* [TASK OBJECTIVE]: Repeat the data that follows, word for word, without the images.

== SUPPLIED DATA

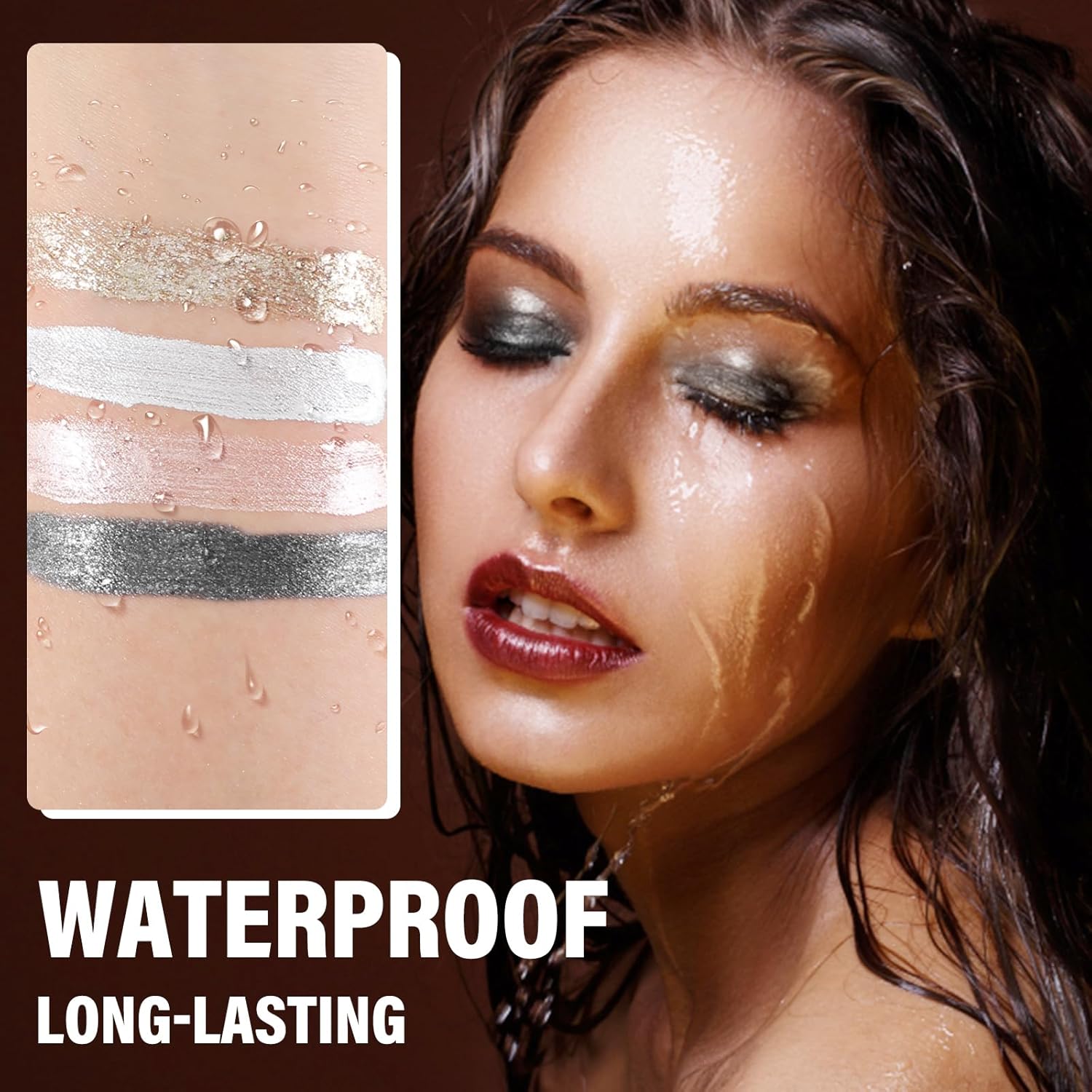 Apooliy Liquid Glitter Eyeshadow Waterproof Shimmer Eye Shadow,Quick-Drying,Long-Lasting,Creates High-Impact,Highlighter
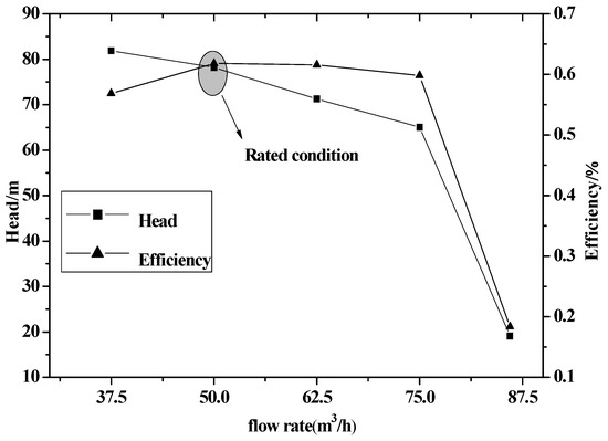 To explore the reasons for the changing rules of LpA under various flow rate conditions, the head and efficiency are calculated, respectively. The changing rules of the two parameters are shown in Figure 13, it can be found that with the increase of flow rate, the head decreases gradually. In addition, the efficiency shows the tendency that increases from 37.5 to 50 m3/h, and reaches to the maximum at 50 m3/h, then remains essentially unchanged in the range from 50 to 75 m3/h, which is the best efficiency range, and it keeps decreasing subsequently with the flow rate continues to grow. At low flow rate conditions, the pressure fluctuation inside the pump is low and causes low noise levels. With the increase of flow rate, the pressure fluctuation inside the pump increases accordingly, while in the best efficiency range, i.e., in the range from 50 to 75 m3/h, the pressure becomes stable [17], and leads to little change for the noise level. However, as the flow rate continues to increase, the head and efficiency decrease dramatically, which may be caused by the occurrence of cavitation inside the pump, and contribute to the dramatic increase of LpA when flow rate is greater than 75 m3/h.
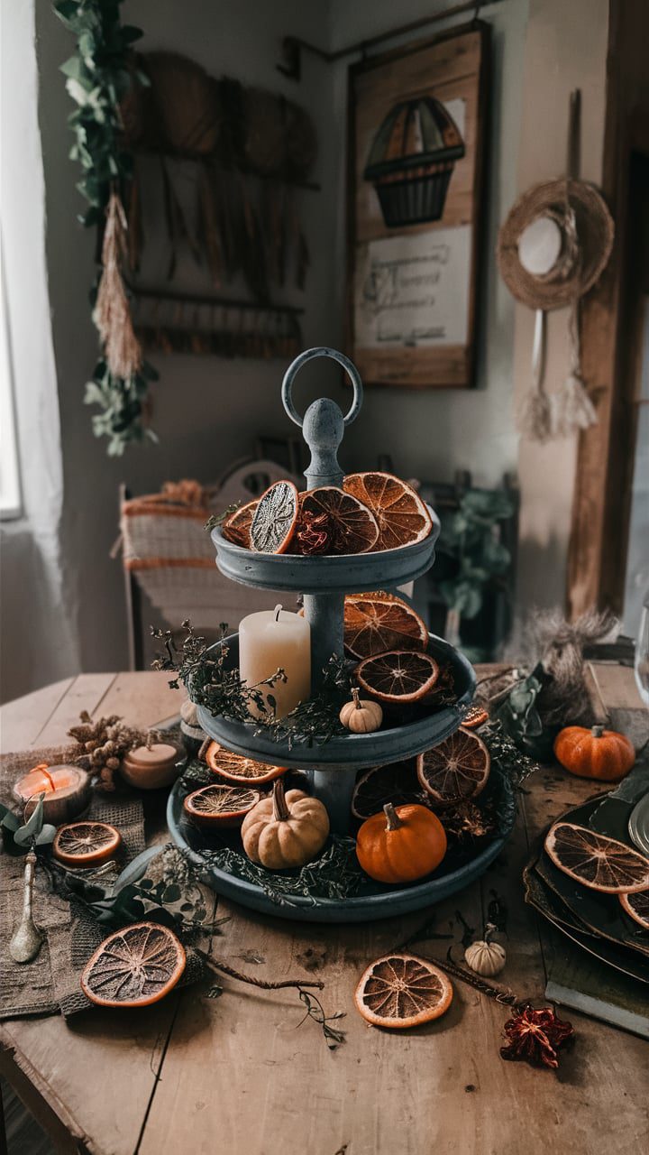 Use dried orange slices to add texture and contrast to a tiered tray. Mix them with candles, greenery, or small pumpkins. This creates a rustic and organic look, perfect for any season.
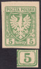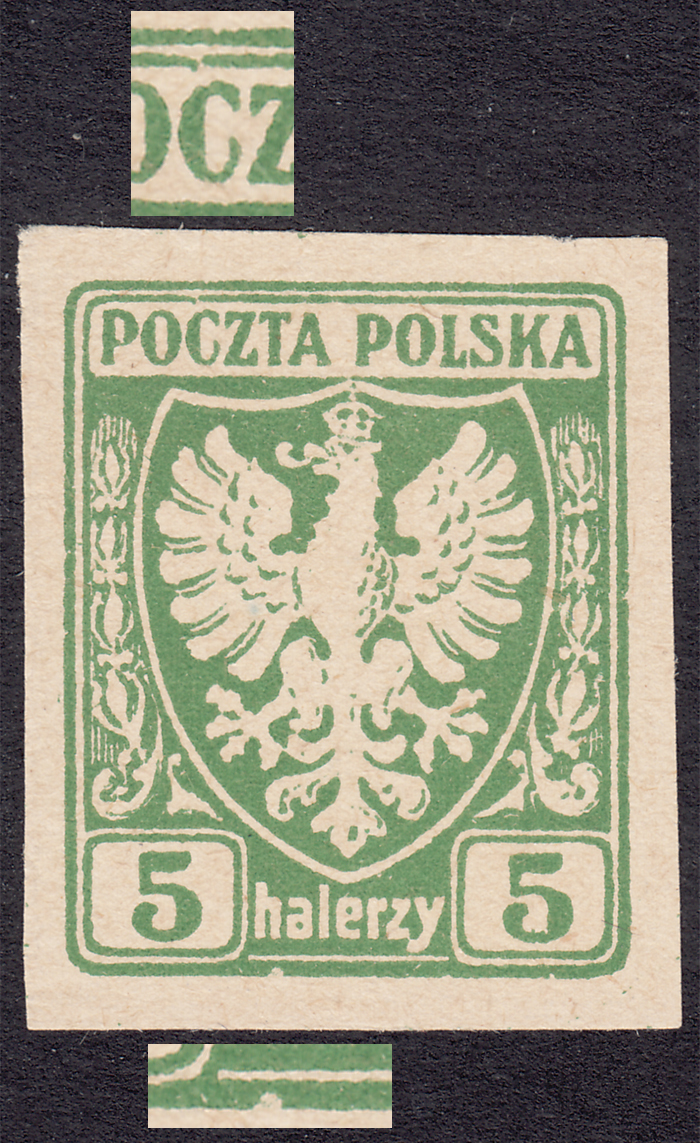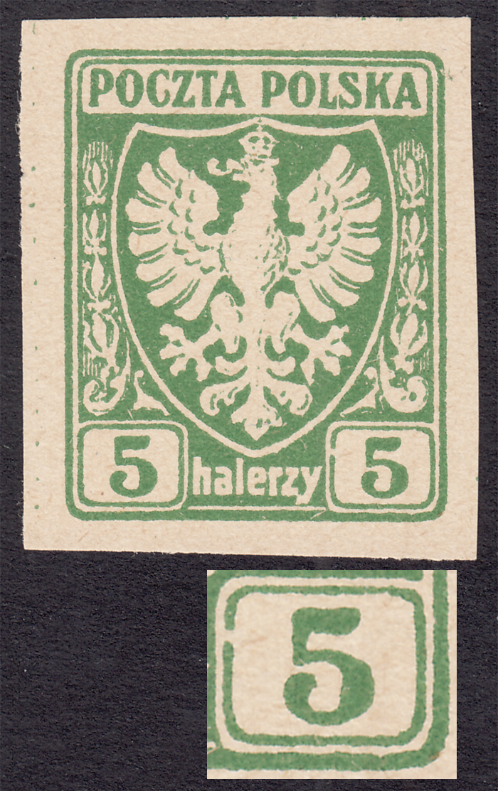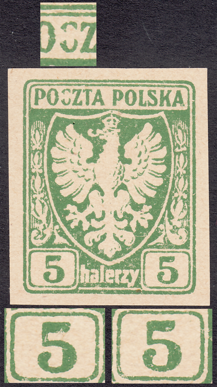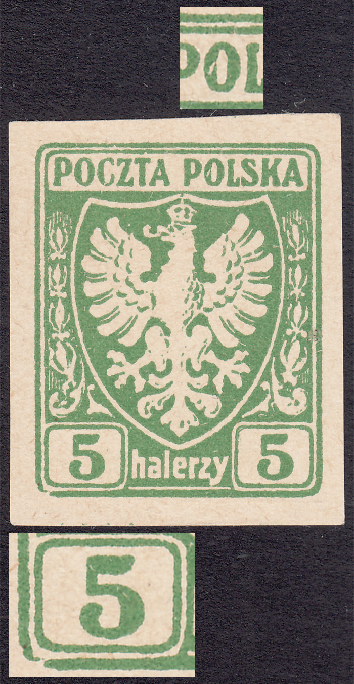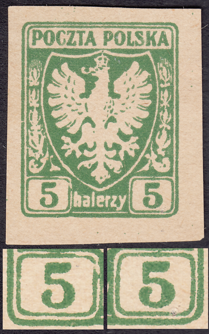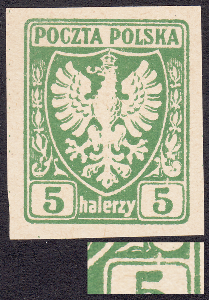 1919 wydanie Komisji Rządzącej, znaczek za 5 h. z niekatalogowanymi błędami "przecięcie w literze O w POLSKA" oraz "pęknięta ramka w lewym narożniku", gwarancja. | Fi.57 B Mi.56 |
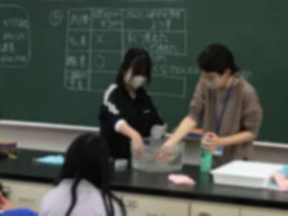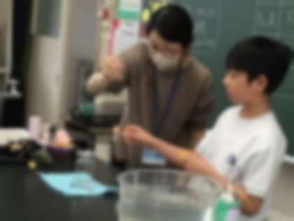 本来は、グループごとに実験をやる予定でしたが、インフルエンザの感染予防のため、代表での実験をみんなで観察する形となりました。ろうそくをビンの中に入れるところを、食い入るように見て、予想通りになった班は、歓声を上げていました。
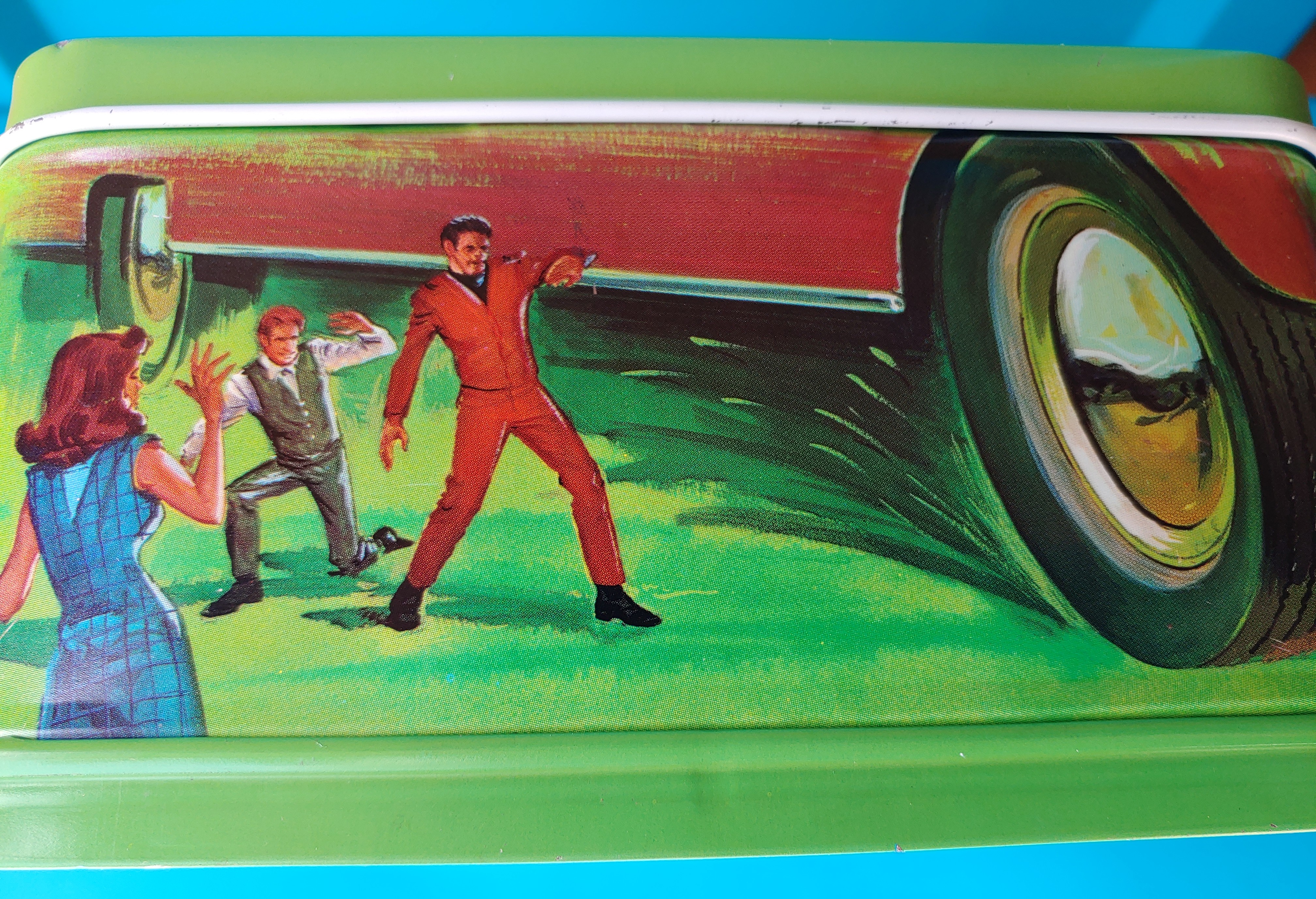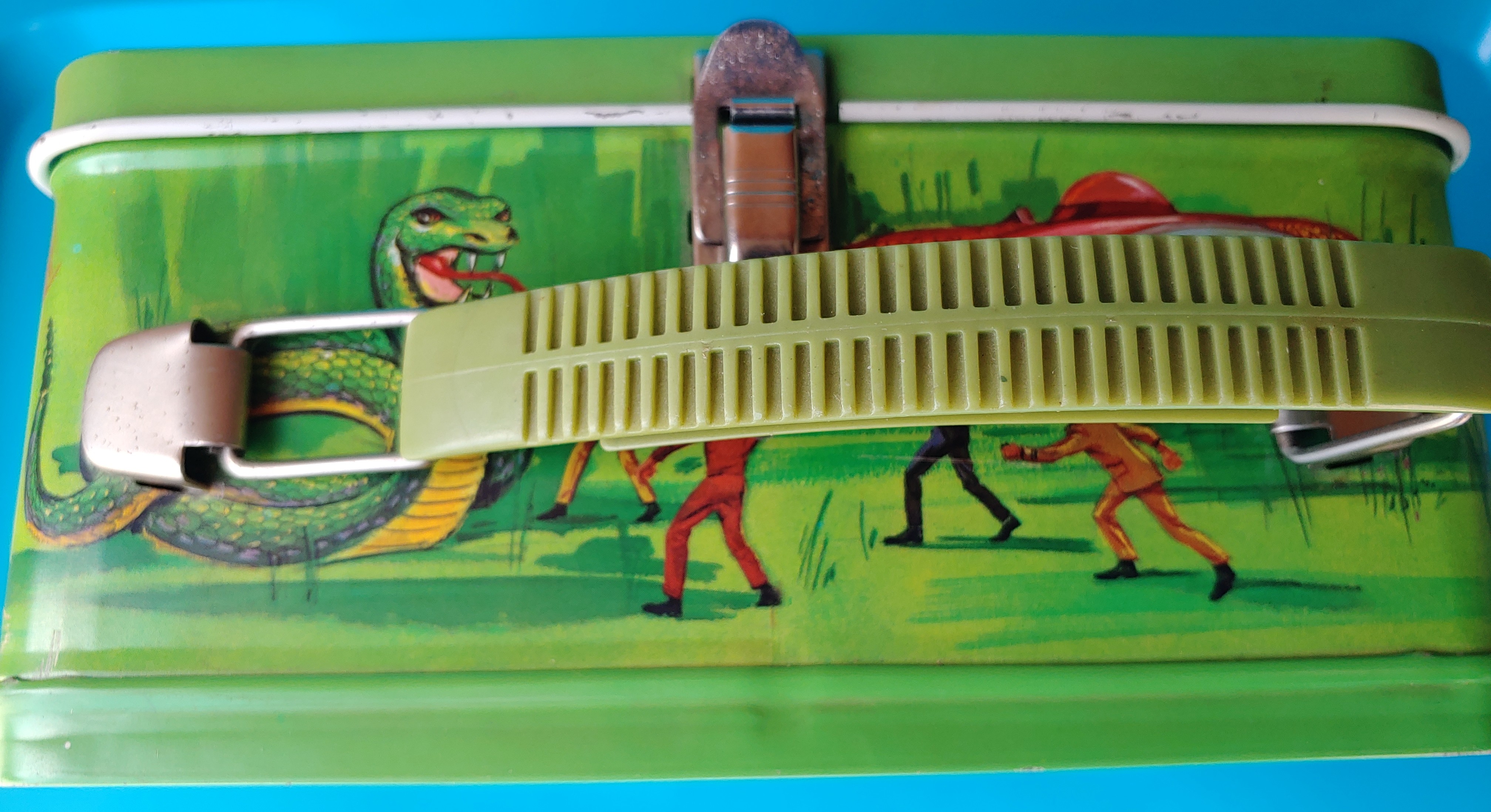 Would you believe the giant on the box is actually Elmer Lehnhardt, the artist of the box? He was the art director at Aladdin in the 60's and 70's, and thought it would be funny to add his self-portrait to this box. He died in 1985.

====

* [REPLY]:
 Apooliy Liquid Glitter Eyeshadow Waterproof Shimmer Eye Shadow,Quick-Drying,Long-Lasting,Creates High-Impact,Highlighter
 To explore the reasons for the changing rules of LpA under various flow rate conditions, the head and efficiency are calculated, respectively. The changing rules of the two parameters are shown in Figure 13, it can be found that with the increase of flow rate, the head decreases gradually. In addition, the efficiency shows the tendency that increases from 37.5 to 50 m3/h, and reaches to the maximum at 50 m3/h, then remains essentially unchanged in the range from 50 to 75 m3/h, which is the best efficiency range, and it keeps decreasing subsequently with the flow rate continues to grow. At low flow rate conditions, the pressure fluctuation inside the pump is low and causes low noise levels. With the increase of flow rate, the pressure fluctuation inside the pump increases accordingly, while in the best efficiency range, i.e., in the range from 50 to 75 m3/h, the pressure becomes stable [17], and leads to little change for the noise level. However, as the flow rate continues to increase, the head and efficiency decrease dramatically, which may be caused by the occurrence of cavitation inside the pump, and contribute to the dramatic increase of LpA when flow rate is greater than 75 m3/h.
 Use dried orange slices to add texture and contrast to a tiered tray. Mix them with candles, greenery, or small pumpkins. This creates a rustic and organic look, perfect for any season.
 1919 wydanie Komisji Rządzącej, znaczek za 5 h. z niekatalogowanymi błędami "przecięcie w literze O w POLSKA" oraz "pęknięta ramka w lewym narożniku", gwarancja. | Fi.57 B Mi.56 |
 本来は、グループごとに実験をやる予定でしたが、インフルエンザの感染予防のため、代表での実験をみんなで観察する形となりました。ろうそくをビンの中に入れるところを、食い入るように見て、予想通りになった班は、歓声を上げていました。
 Would you believe the giant on the box is actually Elmer Lehnhardt, the artist of the box? He was the art director at Aladdin in the 60's and 70's, and thought it would be funny to add his self-portrait to this box. He died in 1985.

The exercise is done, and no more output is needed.